Directions for this task
From the first line of the material to the line containing "まず、友達と親、それぞれから", inclusive, write out each line exactly, leaving out the pictures.

Records shown

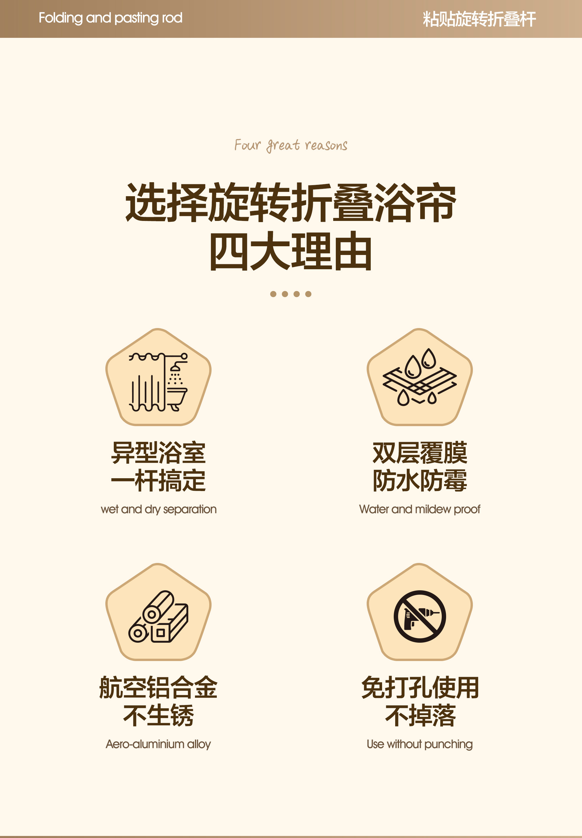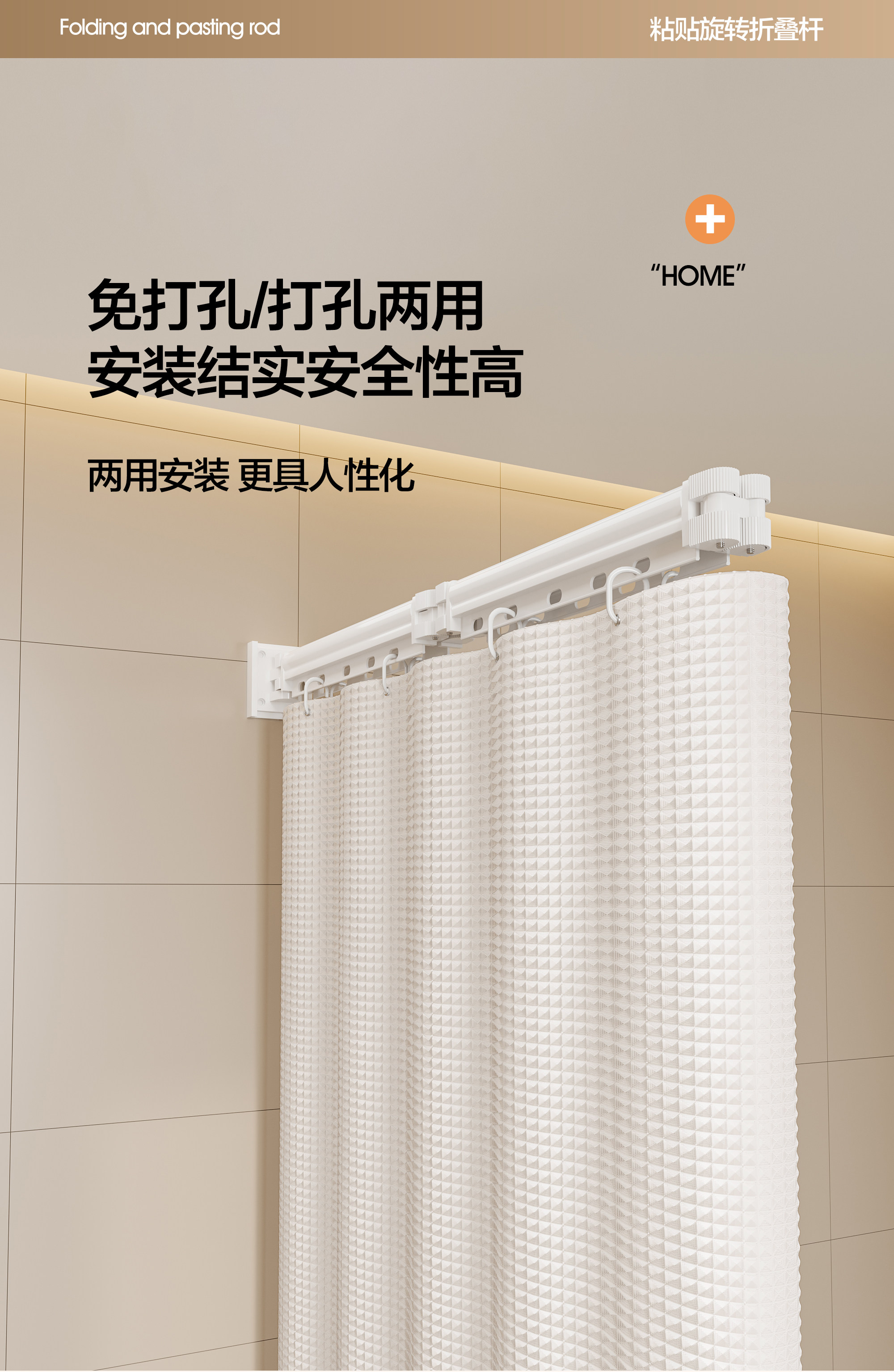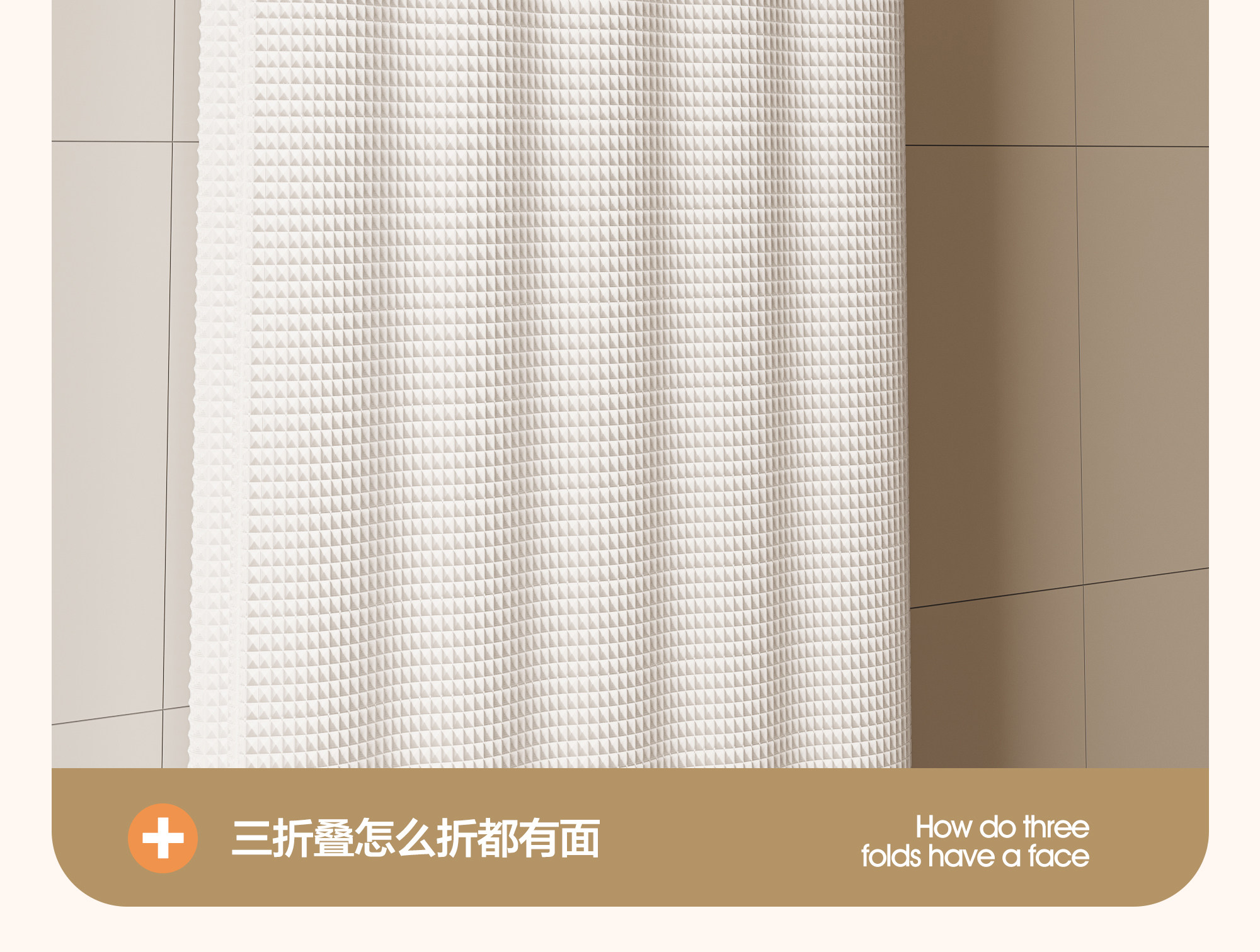 Bathroom Shower Curtain Foldable Invisible No-Drill Bathroom Dry and Wet Separation Shower Curtain Waterproof Mildew-Proof Shower Curtain
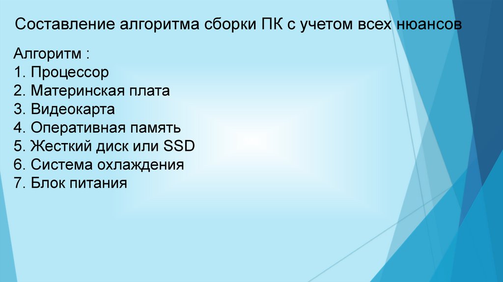 Составление алгоритма сборки ПК с учетом всех нюансовАлгоритм :
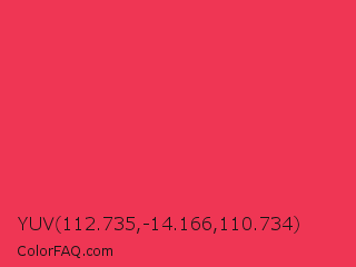 YUV 112.735,-14.166,110.734 Color is a normal red color and the nearest color is Desire #ea3c53. Hex code #ef3654 and RGB value is rgb(239,54,84). In RGB color space, this color is composed of 94% red, 21% green, 33% blue, In CMYK color space, this color is composed of 0% cyan, 77% magenta, 65% yellow , 6% black , In HSL color space, this color has a hue angle of 350° , 85% saturation and 57% lightness.
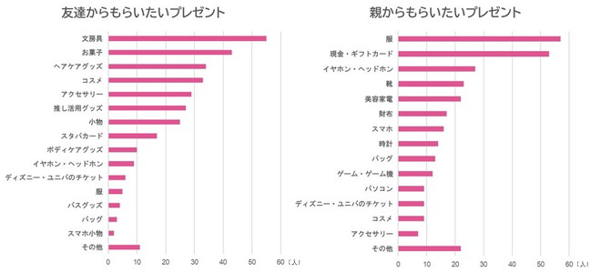 まず、友達と親、それぞれからもらいたいプレゼントを、選択肢から最大三つまで選んでもらった。友達からは「文房具」55人、「お菓子」43人、「ヘアケアグッズ」34人、親からは「服」57人、「現金・ギフトカード」53人、「イヤホン・ヘッドホン」27人が人気だった。
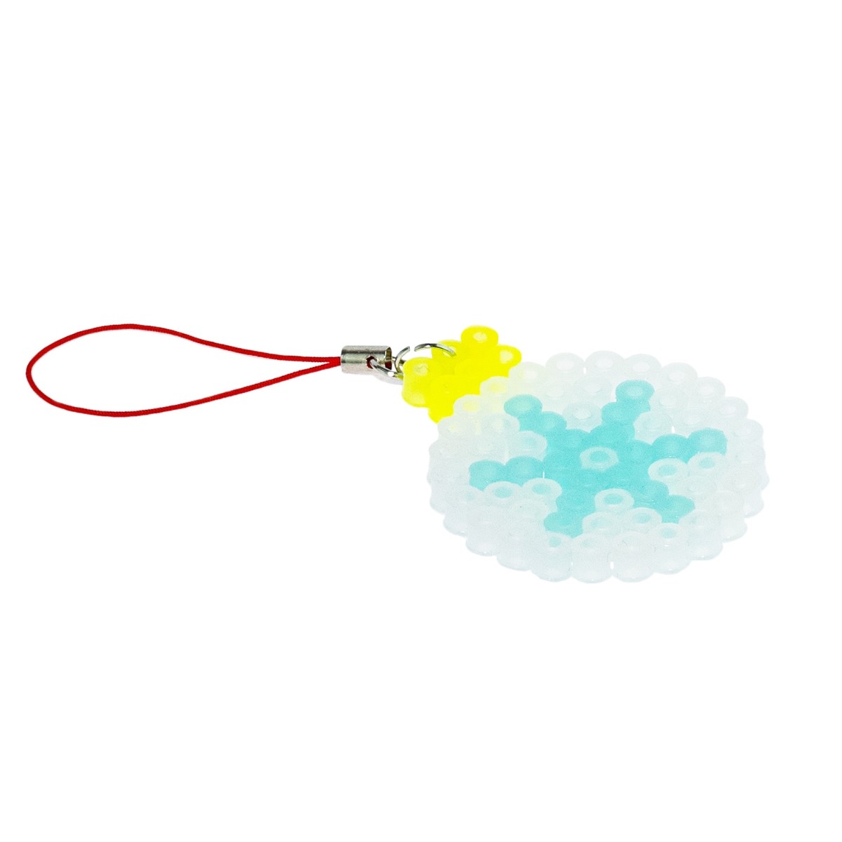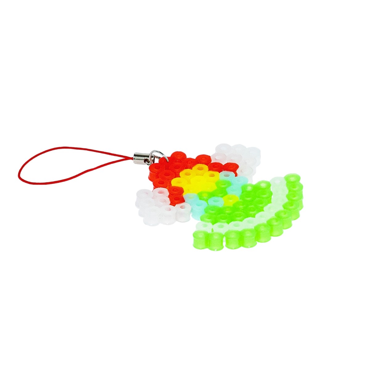 Помещаете схему под планшет и выкладываете по ней бусины. Проглаживаете все через кальку, даете изображению остыть и аккуратно снимаете фигурку с планшета. Прикрепляете подвеску и игрушка готова!
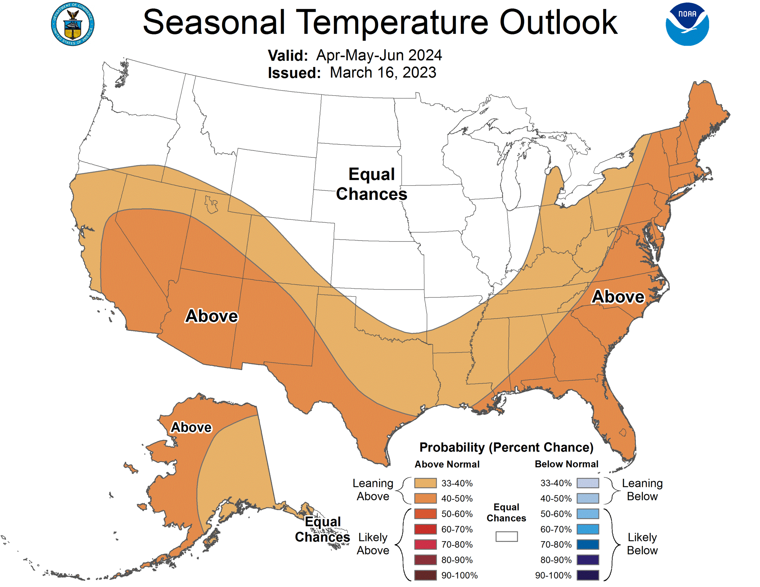 Temperature outlook for the months of April, May, and June. Maybe an early summer as warmer temperatures continue for April, May, and June.

Output of the exercise
 Bathroom Shower Curtain Foldable Invisible No-Drill Bathroom Dry and Wet Separation Shower Curtain Waterproof Mildew-Proof Shower Curtain
 Составление алгоритма сборки ПК с учетом всех нюансовАлгоритм :
 YUV 112.735,-14.166,110.734 Color is a normal red color and the nearest color is Desire #ea3c53. Hex code #ef3654 and RGB value is rgb(239,54,84). In RGB color space, this color is composed of 94% red, 21% green, 33% blue, In CMYK color space, this color is composed of 0% cyan, 77% magenta, 65% yellow , 6% black , In HSL color space, this color has a hue angle of 350° , 85% saturation and 57% lightness.
 まず、友達と親、それぞれからもらいたいプレゼントを、選択肢から最大三つまで選んでもらった。友達からは「文房具」55人、「お菓子」43人、「ヘアケアグッズ」34人、親からは「服」57人、「現金・ギフトカード」53人、「イヤホン・ヘッドホン」27人が人気だった。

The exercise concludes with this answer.